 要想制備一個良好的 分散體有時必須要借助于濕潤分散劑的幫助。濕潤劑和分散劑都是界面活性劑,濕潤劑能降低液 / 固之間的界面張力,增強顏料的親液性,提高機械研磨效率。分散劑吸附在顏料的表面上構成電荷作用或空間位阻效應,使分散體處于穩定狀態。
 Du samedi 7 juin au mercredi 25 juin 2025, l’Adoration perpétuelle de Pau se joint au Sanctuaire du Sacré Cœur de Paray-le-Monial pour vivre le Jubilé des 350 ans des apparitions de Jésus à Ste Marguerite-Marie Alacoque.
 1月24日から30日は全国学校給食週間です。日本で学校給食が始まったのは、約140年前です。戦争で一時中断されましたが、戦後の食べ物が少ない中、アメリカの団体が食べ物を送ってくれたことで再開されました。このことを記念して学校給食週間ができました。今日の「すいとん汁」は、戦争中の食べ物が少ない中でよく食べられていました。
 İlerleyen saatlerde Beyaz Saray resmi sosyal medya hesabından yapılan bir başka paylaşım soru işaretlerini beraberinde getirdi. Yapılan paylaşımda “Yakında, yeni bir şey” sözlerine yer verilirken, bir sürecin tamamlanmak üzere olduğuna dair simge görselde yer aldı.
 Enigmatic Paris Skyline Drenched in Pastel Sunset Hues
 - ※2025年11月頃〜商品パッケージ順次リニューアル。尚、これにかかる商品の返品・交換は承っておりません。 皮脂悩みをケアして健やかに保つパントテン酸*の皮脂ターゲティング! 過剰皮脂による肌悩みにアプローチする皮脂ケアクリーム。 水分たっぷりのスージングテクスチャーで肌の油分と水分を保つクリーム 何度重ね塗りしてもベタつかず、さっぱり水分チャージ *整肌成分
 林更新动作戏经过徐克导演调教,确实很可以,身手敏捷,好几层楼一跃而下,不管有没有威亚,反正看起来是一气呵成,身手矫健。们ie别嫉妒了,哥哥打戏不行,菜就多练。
---
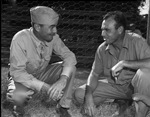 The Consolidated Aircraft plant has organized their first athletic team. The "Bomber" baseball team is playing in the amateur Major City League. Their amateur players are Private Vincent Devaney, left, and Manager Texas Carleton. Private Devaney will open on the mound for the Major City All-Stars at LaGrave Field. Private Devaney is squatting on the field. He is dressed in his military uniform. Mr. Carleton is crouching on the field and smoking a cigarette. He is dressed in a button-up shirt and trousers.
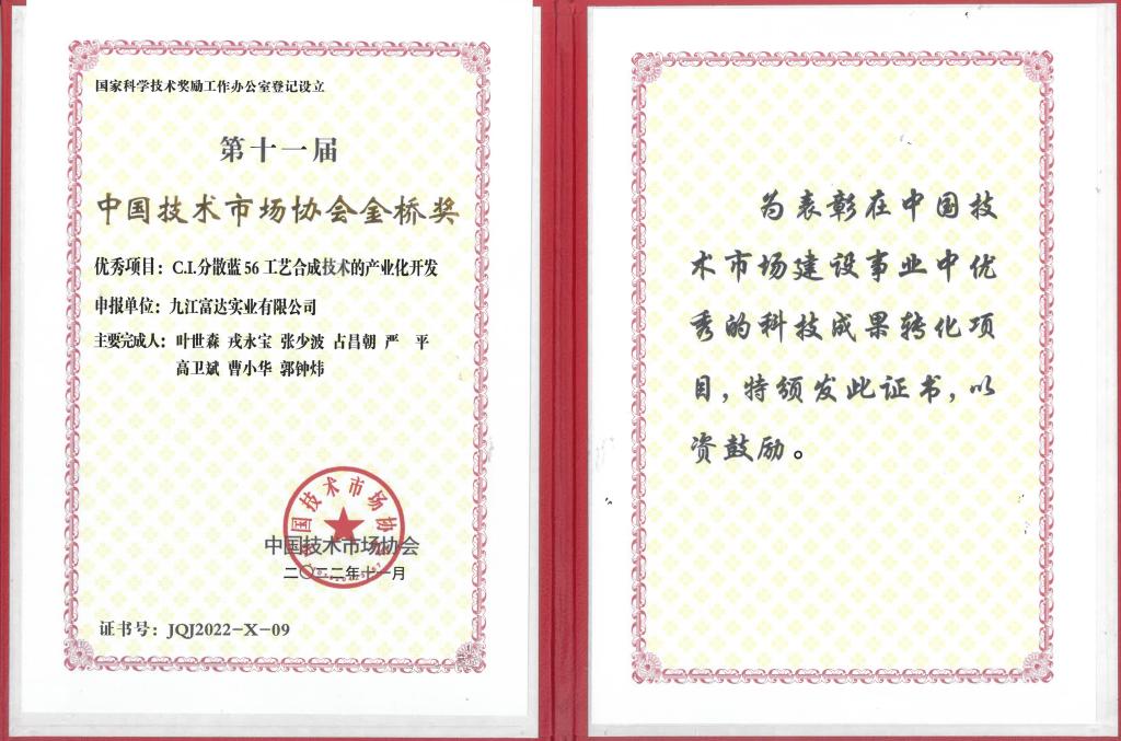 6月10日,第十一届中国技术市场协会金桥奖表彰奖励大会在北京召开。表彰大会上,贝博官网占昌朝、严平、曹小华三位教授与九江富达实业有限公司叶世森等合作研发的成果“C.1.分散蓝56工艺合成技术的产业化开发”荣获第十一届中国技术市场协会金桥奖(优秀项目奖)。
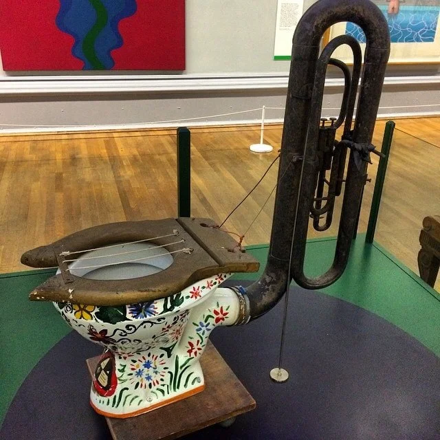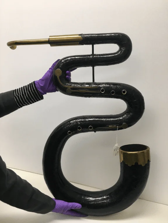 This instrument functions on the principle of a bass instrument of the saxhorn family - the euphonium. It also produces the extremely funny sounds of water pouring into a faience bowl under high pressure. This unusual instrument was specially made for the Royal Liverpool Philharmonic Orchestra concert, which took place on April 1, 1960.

■ **Task item**
Only the lines above from the line with "İlerleyen saatlerde Beyaz" to the line with "林更新动作戏经过徐克导演调教", those two lines included, should be reproduced exactly.

■ **Solved exercise**
 İlerleyen saatlerde Beyaz Saray resmi sosyal medya hesabından yapılan bir başka paylaşım soru işaretlerini beraberinde getirdi. Yapılan paylaşımda “Yakında, yeni bir şey” sözlerine yer verilirken, bir sürecin tamamlanmak üzere olduğuna dair simge görselde yer aldı.
 Enigmatic Paris Skyline Drenched in Pastel Sunset Hues
 - ※2025年11月頃〜商品パッケージ順次リニューアル。尚、これにかかる商品の返品・交換は承っておりません。 皮脂悩みをケアして健やかに保つパントテン酸*の皮脂ターゲティング! 過剰皮脂による肌悩みにアプローチする皮脂ケアクリーム。 水分たっぷりのスージングテクスチャーで肌の油分と水分を保つクリーム 何度重ね塗りしてもベタつかず、さっぱり水分チャージ *整肌成分
 林更新动作戏经过徐克导演调教,确实很可以,身手敏捷,好几层楼一跃而下,不管有没有威亚,反正看起来是一气呵成,身手矫健。们ie别嫉妒了,哥哥打戏不行,菜就多练。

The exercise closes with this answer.